CAPITOLO 4: Il punto di svolta
La pianura di Farsalo, sotto il peso opprimente di un sole di agosto implacabile, si trasformò nel crogiolo dove si sarebbe deciso il destino della Repubblica Romana. Il terreno tremava sotto i passi di decine di migliaia di uomini, le loro figure corazzate offuscate da colonne di polvere che si alzavano. Le legioni di Cesare, provate da anni di campagne incessanti, si schierarono in ranghi compatti e saldi. I loro volti erano striati di sporcizia e sudore; gli scudi, ammaccati e segnati, brillavano opachi nella luce obliqua. Ogni uomo portava il peso della fame e delle marce forzate, ma nei loro occhi balenava una feroce determinazione, la consapevolezza che quel giorno, più di ogni altro, avrebbe plasmato il mondo a venire.

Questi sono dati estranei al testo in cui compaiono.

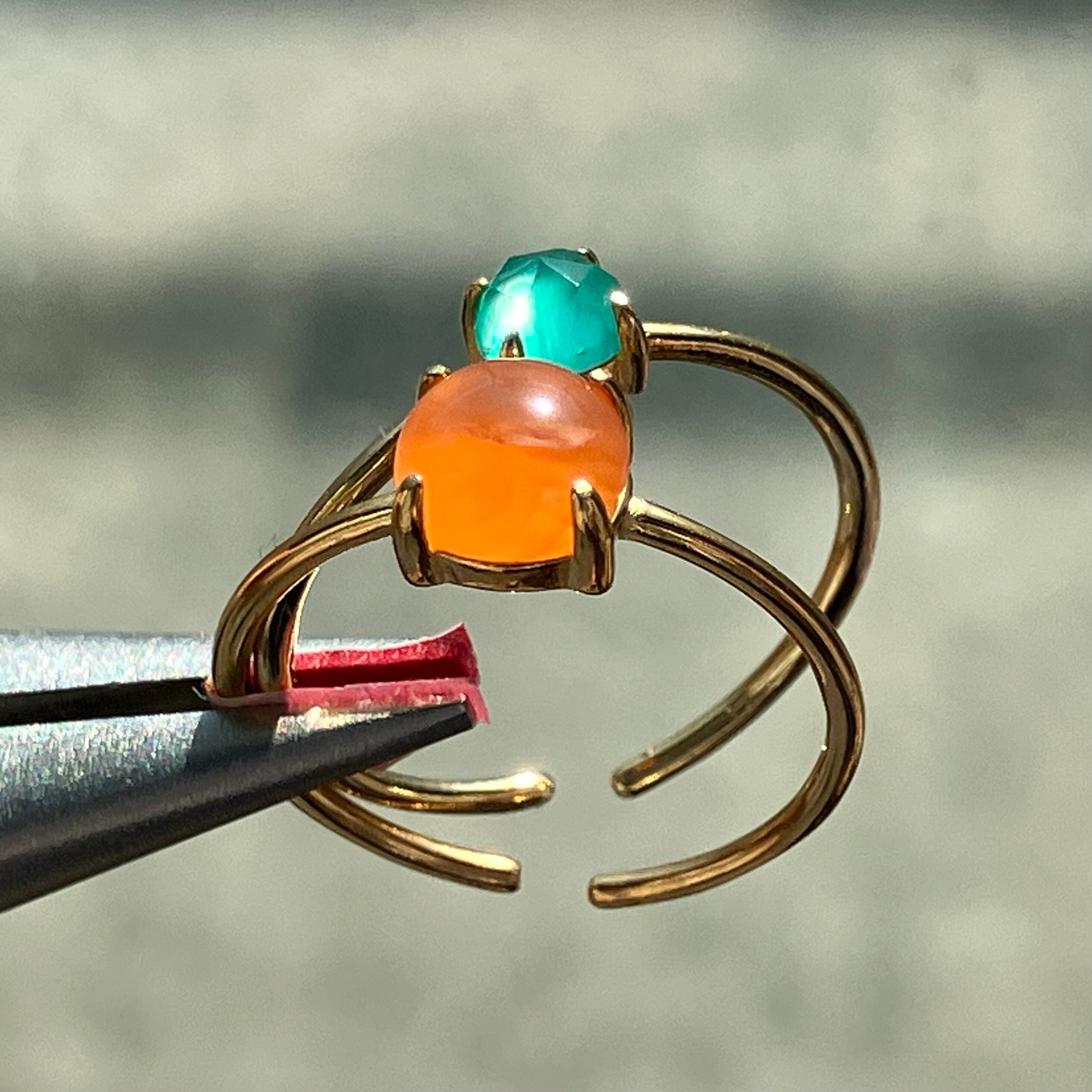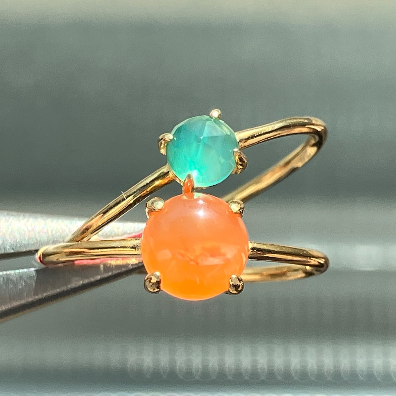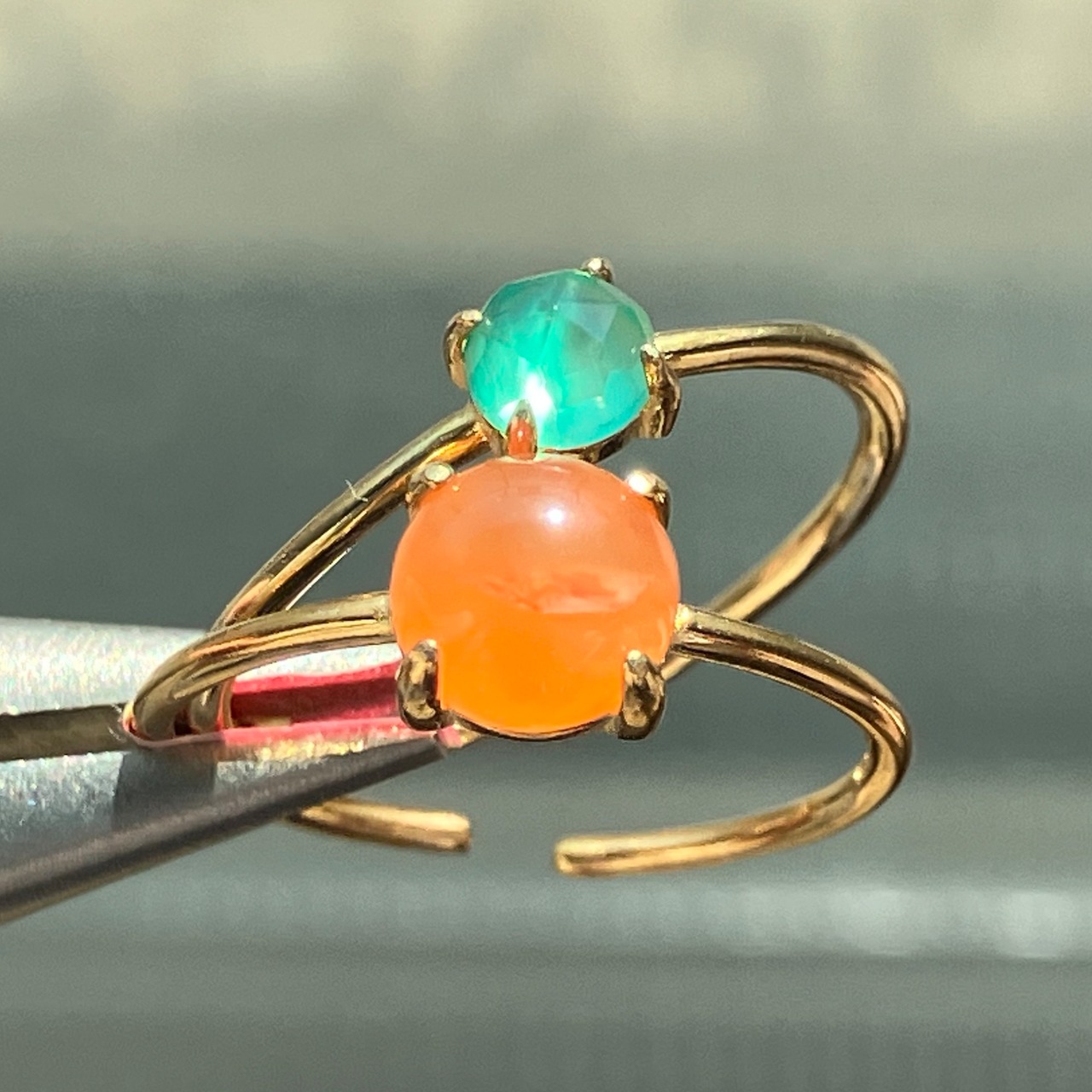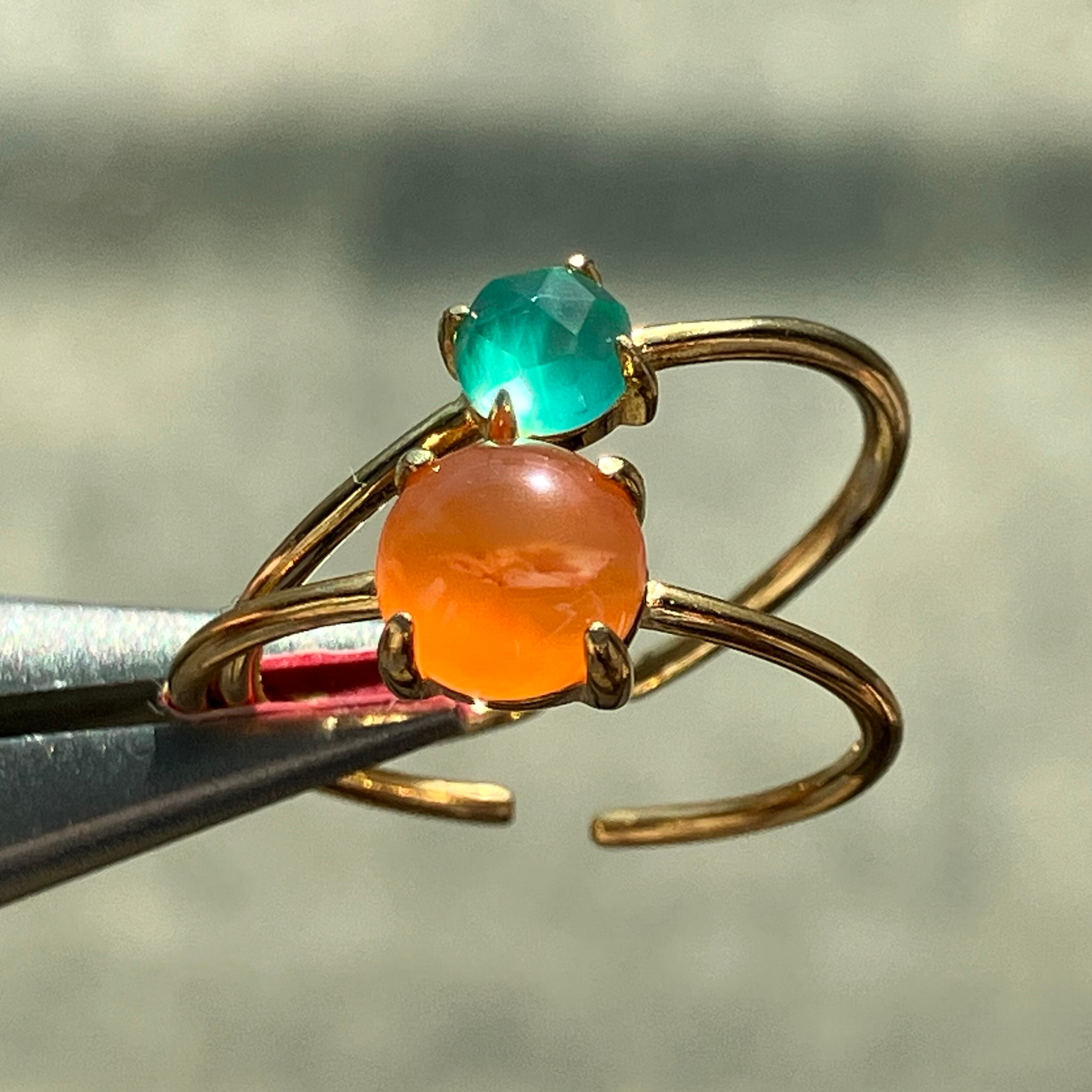 カーネリアンとグリーンオニキスのリングセットです。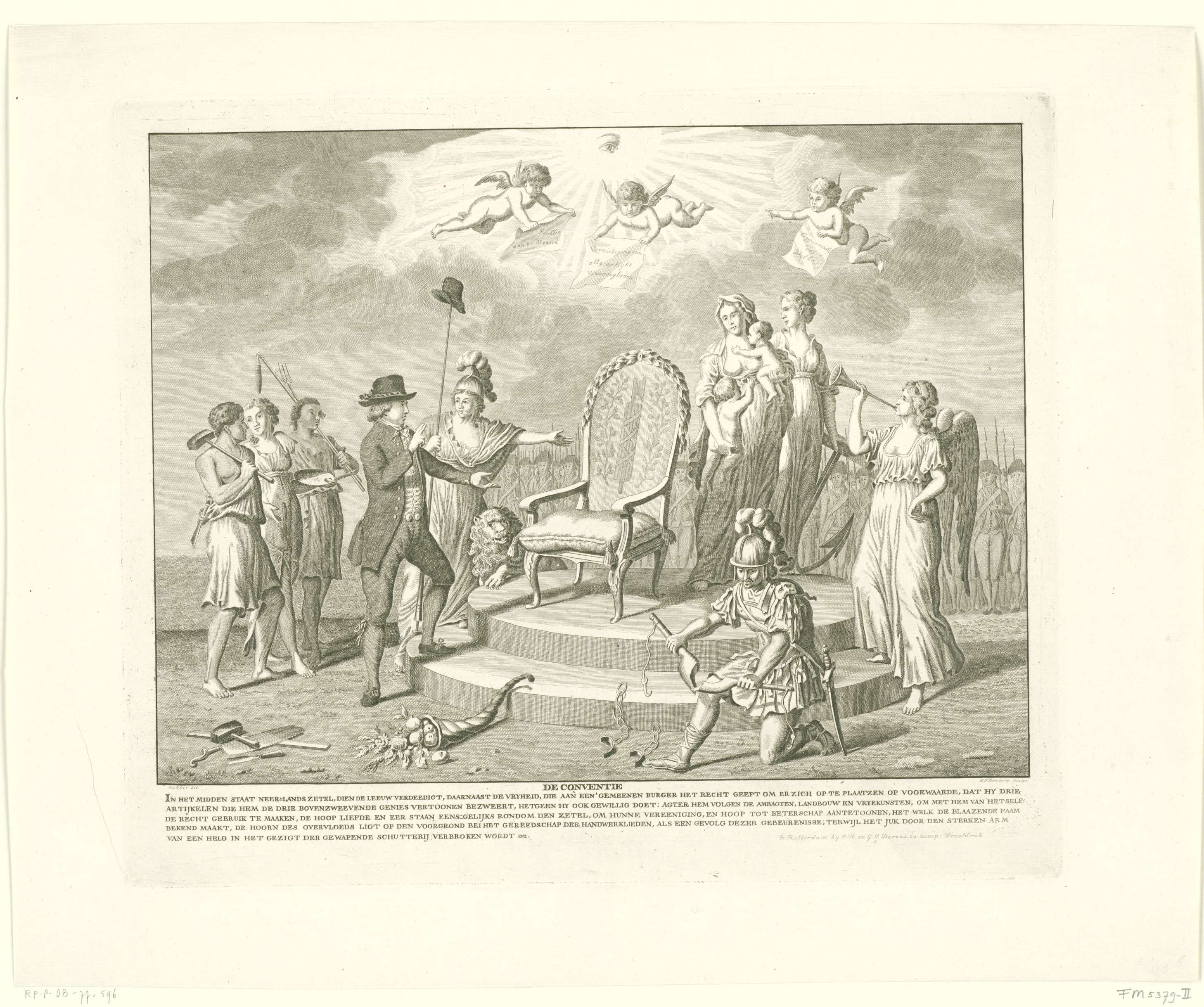 Allegorie op de Conventie, 1795. De burger bestijgt op aanwijzing van de Vrijheid het lege zetel van de macht als hij zweert op drie artikelen die door engeltjes in de lucht worden opgehouden: 'Rechten van de Mensch', 'Vernietiging van alle erflijke Waardigheden' en 'Oppermacht des Volks'. Op de voorgrond verbreekt een krijgsman een juk, op ...
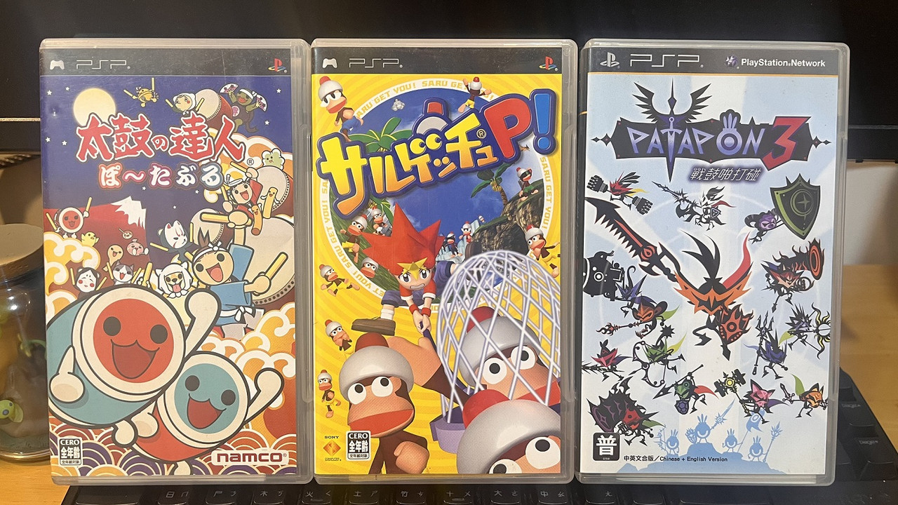 戰鼓啪打碰3,二代好像被我賣掉了。這系列也是 PS 上主打趣味的代表作,帶領被稱為啪打碰一族的生物,在非洲部落的氛圍之中,用節奏指令行軍打仗,非常好玩;小兵們會跟著玩家的指令哼歌,動聽有魔性,Fever!1+2 代重製就快出了,還有降低拍點難度的選項,還有出在 NS 上,棒到不行,已預購。

Dall'altra parte del campo, l'esercito di Pompeo si estendeva in una linea scintillante, con gli stendardi che sventolavano sopra un esercito eterogeneo composto da veterani romani esperti, orgogliosa cavalleria orientale e mercenari provenienti da regni lontani. La loro superiorità numerica era impressionante: quasi il doppio delle forze di Cesare. L'aria era carica di aspettative, densa dell'odore acre del sudore, del cuoio e della paura. I cavalli scalpitavano irrequieti, il loro respiro che si condensava nel calore del mattino, mentre gli uomini accanto a loro mormoravano preghiere a divinità dimenticate, stringendo amuleti portafortuna o ciondoli provenienti dalle loro case.
Quando i primi raggi di sole brillarono sul metallo, il silenzio si spezzò. Le trombe risuonarono, echeggiando sulle colline lontane, e il campo si animò. La fanteria di Cesare, rassicurata dalla presenza del proprio generale, avanzò a passi misurati, con i sandali che affondavano nel fango appiccicoso smosso dalle precedenti scaramucce. Al centro, la spina dorsale dei veterani di Cesare avanzava, con gli scudi serrati e le lance puntate. Ai fianchi, sottili file di cavalleria si preparavano, con gli occhi fissi sulla massa turbolenta di cavalieri nemici che prendeva slancio all'orizzonte.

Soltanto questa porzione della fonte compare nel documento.